(Stored records)
== Segment start ==

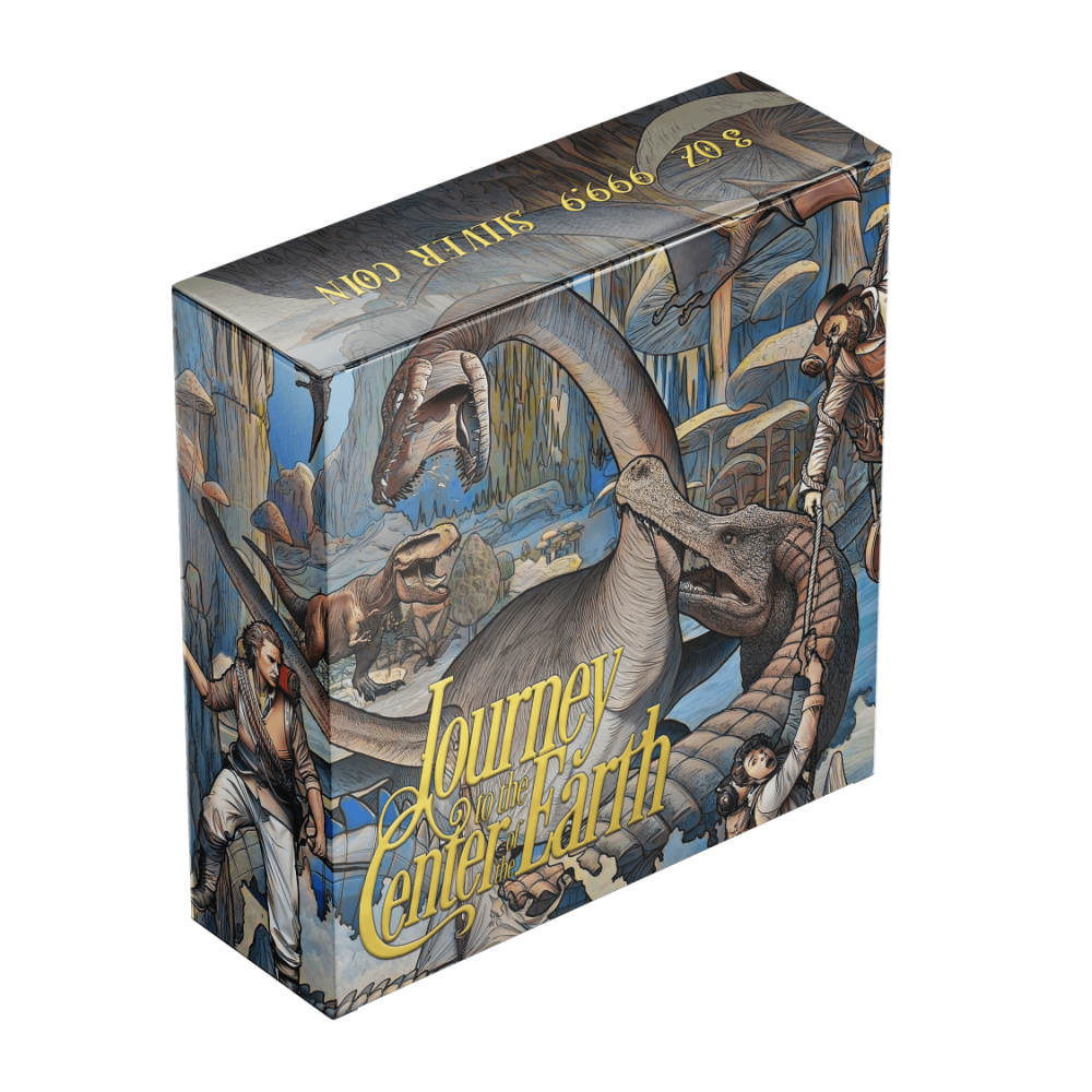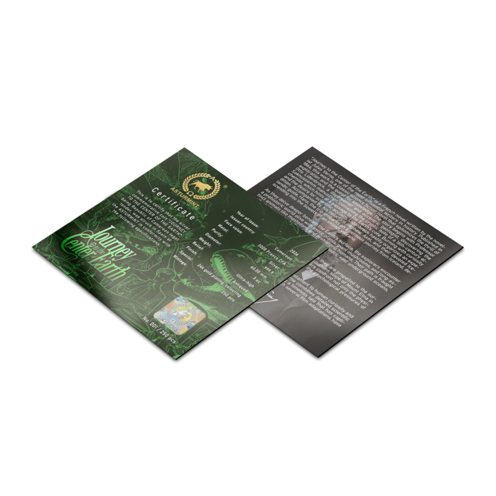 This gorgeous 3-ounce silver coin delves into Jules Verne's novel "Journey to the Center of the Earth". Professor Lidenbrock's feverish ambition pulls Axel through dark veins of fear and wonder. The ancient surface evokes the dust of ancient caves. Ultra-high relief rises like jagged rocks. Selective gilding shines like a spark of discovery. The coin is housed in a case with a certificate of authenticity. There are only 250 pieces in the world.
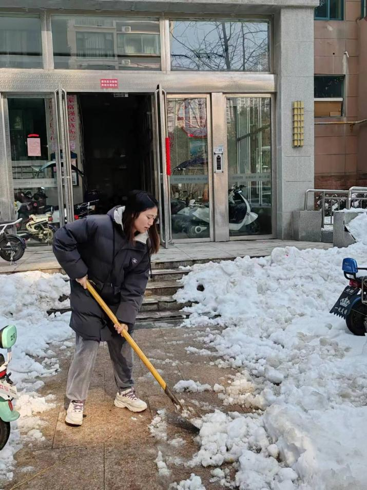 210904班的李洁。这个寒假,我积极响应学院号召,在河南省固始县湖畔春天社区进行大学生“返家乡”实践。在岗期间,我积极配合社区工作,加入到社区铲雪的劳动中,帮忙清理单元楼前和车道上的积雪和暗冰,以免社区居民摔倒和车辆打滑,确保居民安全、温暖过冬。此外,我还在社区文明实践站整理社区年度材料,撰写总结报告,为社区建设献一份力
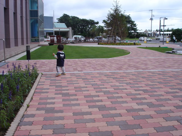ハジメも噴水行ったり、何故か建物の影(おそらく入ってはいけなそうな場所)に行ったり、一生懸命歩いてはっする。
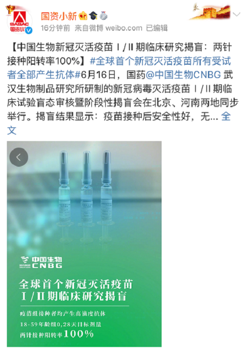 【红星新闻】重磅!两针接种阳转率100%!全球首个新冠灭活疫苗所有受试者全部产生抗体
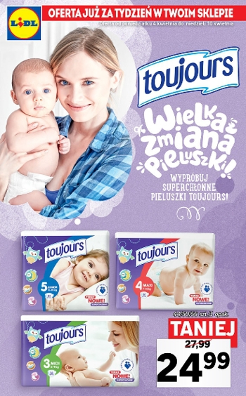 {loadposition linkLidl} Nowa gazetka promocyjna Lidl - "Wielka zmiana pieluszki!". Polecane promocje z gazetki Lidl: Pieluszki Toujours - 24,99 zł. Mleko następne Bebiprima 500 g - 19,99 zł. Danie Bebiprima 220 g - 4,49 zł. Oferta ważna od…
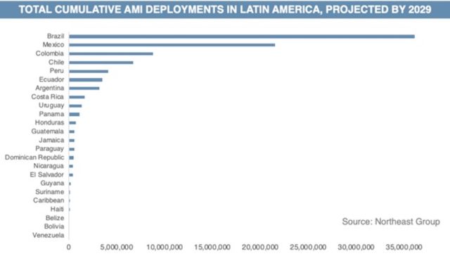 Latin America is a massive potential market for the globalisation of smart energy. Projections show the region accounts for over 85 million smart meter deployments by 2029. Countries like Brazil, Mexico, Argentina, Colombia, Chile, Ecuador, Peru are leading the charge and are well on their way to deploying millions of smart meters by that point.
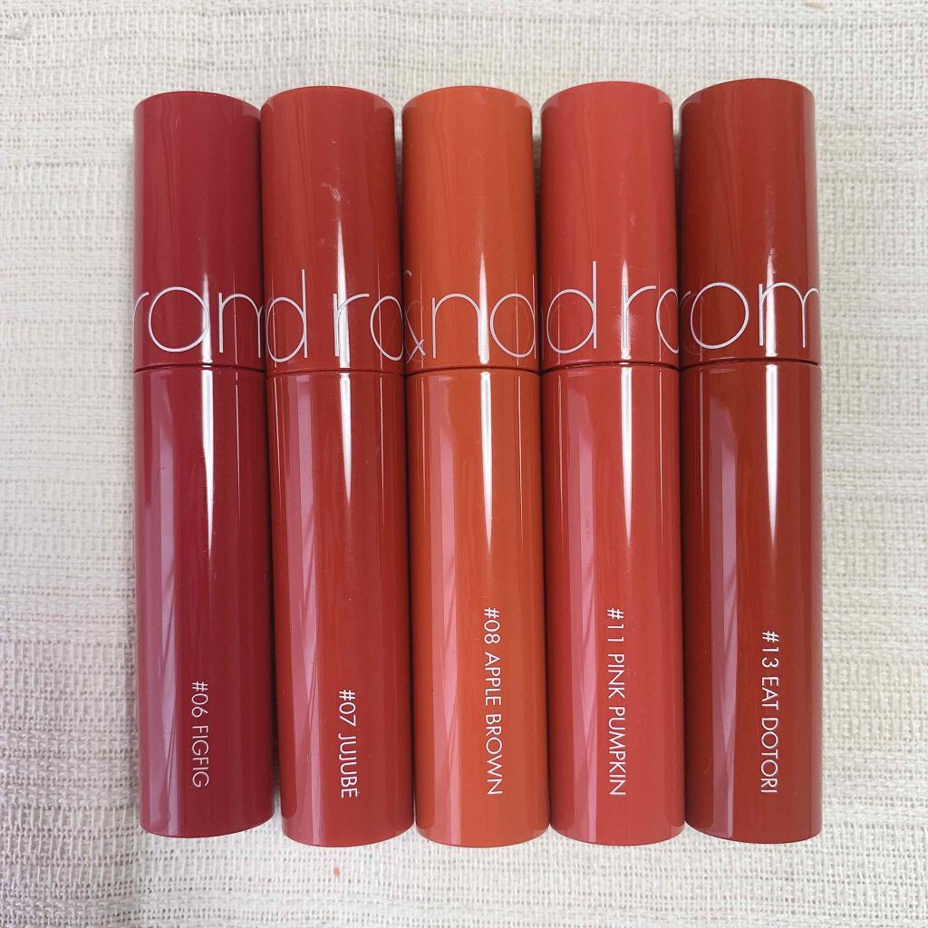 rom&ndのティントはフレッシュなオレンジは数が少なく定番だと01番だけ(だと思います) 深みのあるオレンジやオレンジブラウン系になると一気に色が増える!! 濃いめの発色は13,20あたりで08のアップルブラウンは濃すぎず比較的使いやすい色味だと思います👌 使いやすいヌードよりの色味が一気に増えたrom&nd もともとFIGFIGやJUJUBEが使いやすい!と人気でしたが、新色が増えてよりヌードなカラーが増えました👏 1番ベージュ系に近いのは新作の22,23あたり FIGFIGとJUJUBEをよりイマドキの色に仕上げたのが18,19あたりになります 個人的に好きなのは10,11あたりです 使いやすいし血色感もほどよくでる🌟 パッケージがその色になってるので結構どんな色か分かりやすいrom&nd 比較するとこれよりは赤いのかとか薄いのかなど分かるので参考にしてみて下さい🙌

== Segment end ==

→ **Action item**
Set down every entry exactly as it appears, but skip the pictures.

→ **Solution below**
 This gorgeous 3-ounce silver coin delves into Jules Verne's novel "Journey to the Center of the Earth". Professor Lidenbrock's feverish ambition pulls Axel through dark veins of fear and wonder. The ancient surface evokes the dust of ancient caves. Ultra-high relief rises like jagged rocks. Selective gilding shines like a spark of discovery. The coin is housed in a case with a certificate of authenticity. There are only 250 pieces in the world.
 210904班的李洁。这个寒假,我积极响应学院号召,在河南省固始县湖畔春天社区进行大学生“返家乡”实践。在岗期间,我积极配合社区工作,加入到社区铲雪的劳动中,帮忙清理单元楼前和车道上的积雪和暗冰,以免社区居民摔倒和车辆打滑,确保居民安全、温暖过冬。此外,我还在社区文明实践站整理社区年度材料,撰写总结报告,为社区建设献一份力
ハジメも噴水行ったり、何故か建物の影(おそらく入ってはいけなそうな場所)に行ったり、一生懸命歩いてはっする。
 【红星新闻】重磅!两针接种阳转率100%!全球首个新冠灭活疫苗所有受试者全部产生抗体
 {loadposition linkLidl} Nowa gazetka promocyjna Lidl - "Wielka zmiana pieluszki!". Polecane promocje z gazetki Lidl: Pieluszki Toujours - 24,99 zł. Mleko następne Bebiprima 500 g - 19,99 zł. Danie Bebiprima 220 g - 4,49 zł. Oferta ważna od…
 Latin America is a massive potential market for the globalisation of smart energy. Projections show the region accounts for over 85 million smart meter deployments by 2029. Countries like Brazil, Mexico, Argentina, Colombia, Chile, Ecuador, Peru are leading the charge and are well on their way to deploying millions of smart meters by that point.
 rom&ndのティントはフレッシュなオレンジは数が少なく定番だと01番だけ(だと思います) 深みのあるオレンジやオレンジブラウン系になると一気に色が増える!! 濃いめの発色は13,20あたりで08のアップルブラウンは濃すぎず比較的使いやすい色味だと思います👌 使いやすいヌードよりの色味が一気に増えたrom&nd もともとFIGFIGやJUJUBEが使いやすい!と人気でしたが、新色が増えてよりヌードなカラーが増えました👏 1番ベージュ系に近いのは新作の22,23あたり FIGFIGとJUJUBEをよりイマドキの色に仕上げたのが18,19あたりになります 個人的に好きなのは10,11あたりです 使いやすいし血色感もほどよくでる🌟 パッケージがその色になってるので結構どんな色か分かりやすいrom&nd 比較するとこれよりは赤いのかとか薄いのかなど分かるので参考にしてみて下さい🙌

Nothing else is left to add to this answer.